Jobs and Banking
The Bank of England expects that house prices have seen the worst and that there are enough independent signals to indicate that the economy is in a position to grow into 2010.
The temptation to look into a few months of stable-to-mildly-rising house activity and to extrapolate this into a much sought after upswing seems to have found a home with the central bankers as well.
Unfortunately the news from Continental Europe is not so sanguine with whole economies apparently teetering on the brink of disaster.
Much as we like to think of Britain as an island unto itself, the fact is that we are inextricably linked to the fortunes of the rest of the globe and to Europe in particular. Not surprisingly as they are a mere 21 miles away as the crow flies.
The continued massive spending splurge of the Treasury and the BoE seems to be holding the dyke for the time being. However, the fear is that once the boy pulls his finger out of the leak the weight of accumulated debt will drag the UK economy back into the abyss.

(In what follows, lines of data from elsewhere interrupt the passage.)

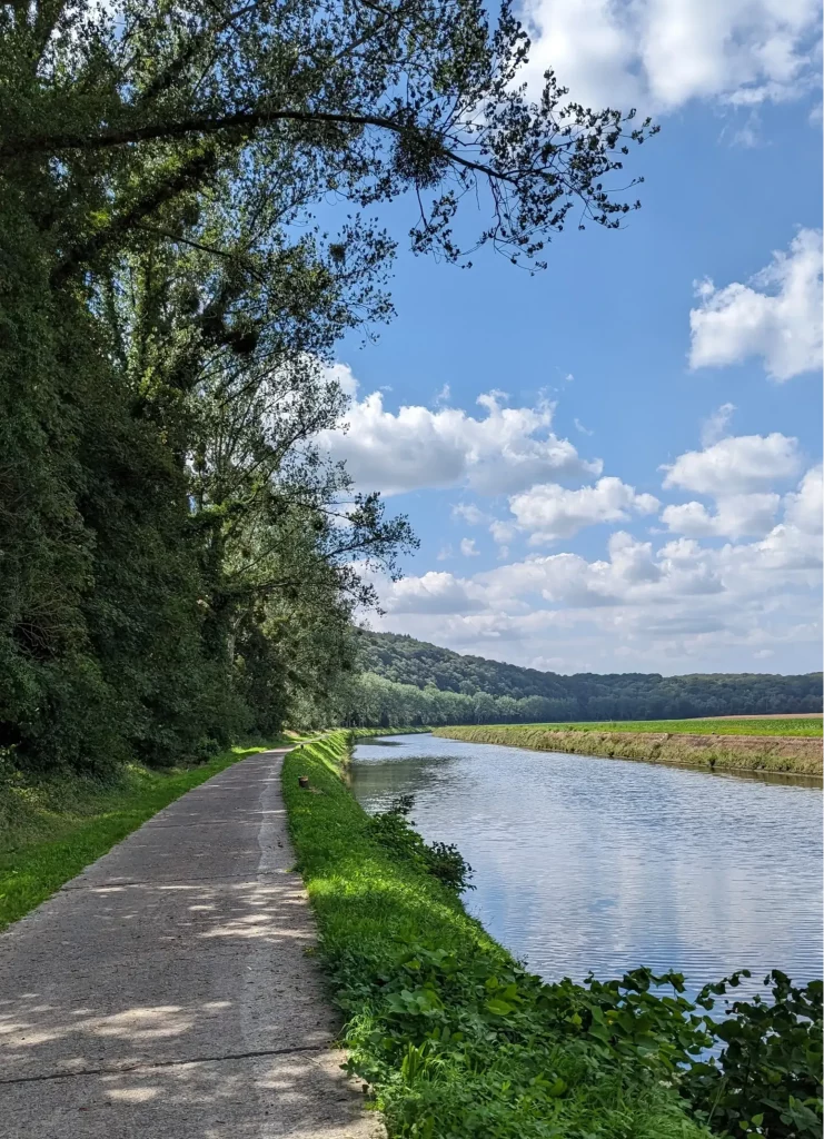 Nachdem ich fast die gesamte Nacht dank Mücken wach war, ging es nach einem Frühstücksstopp in einem InterMarché in Andenne größtenteils an Kanälen voran und durch ein Chaderoi voller Scherben und Baustellen.
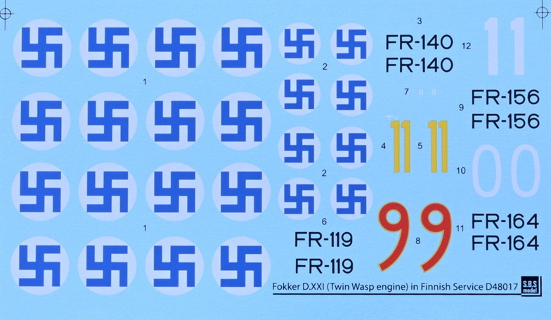 SBS MODEL - 1/48 Decal Fokker D.XXI Twin Wasp in Finnish serv.
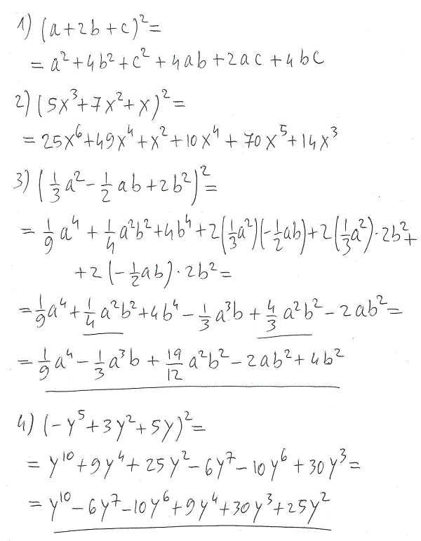 Calcolare i seguenti quadrati di trinomio:
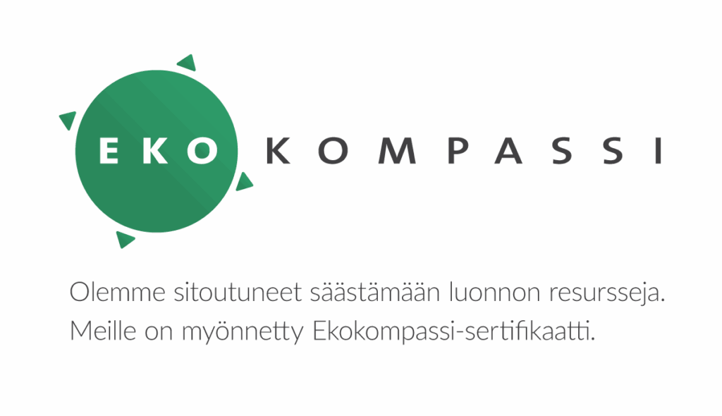 Vuoden 2024 lopulla päätimme ottaa seuraavan askeleen ja hankkia vastuullisuustyöllemme ulkopuolisen ja tunnustetun sertifikaatin. Vertailimme eri vaihtoehtoja ja valitsimme Ekokompassin sen käytännönläheisyyden ja jatkuvan parantamisen mallin vuoksi. Ekokompassi tarjoaa selkeät työkalut ympäristövaikutusten arviointiin ja kehittämiseen – juuri sellaiset, joita etsimme.
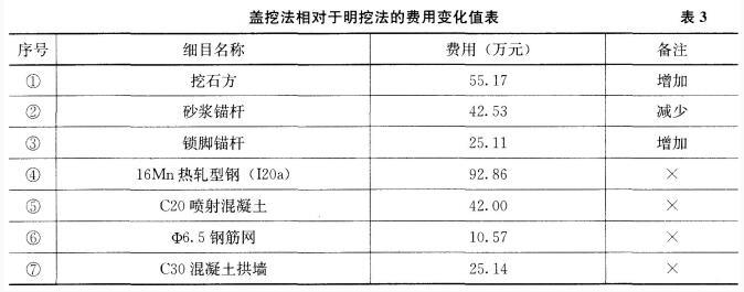 事件3:施工单位对盖挖法方案相对于明挖法方案的部分施工费用进行了核算和对比,见表3。其中,挖石方费用增加了55.17万元,砂浆锚杆费用减少了42.53万元,φ42锁脚锚杆费用增加了25.11万元。

On the other side of the Atlantic the news was equally grim with a net 450K people losing their jobs in June. Whilst we can expect these blips on the upside, it is surprising to see that the start of the summer has seen such a cutback as this would normally be a good time for temporary holiday job prospects.
On the plus side those nice guys at Goldman Sachs etc seem to be doing very well indeed but there is a grim side to this piece of information as well. The unfortunate fact is that what business that is being transacted is being done, very much, in the bankers favour.
With the virtual destruction of the investment banks in the States the survivors are able to make far bigger margins on their deals simply because the clients now have few options. They are unable to play Goldman off against Citi or Merrills or Lehman etc.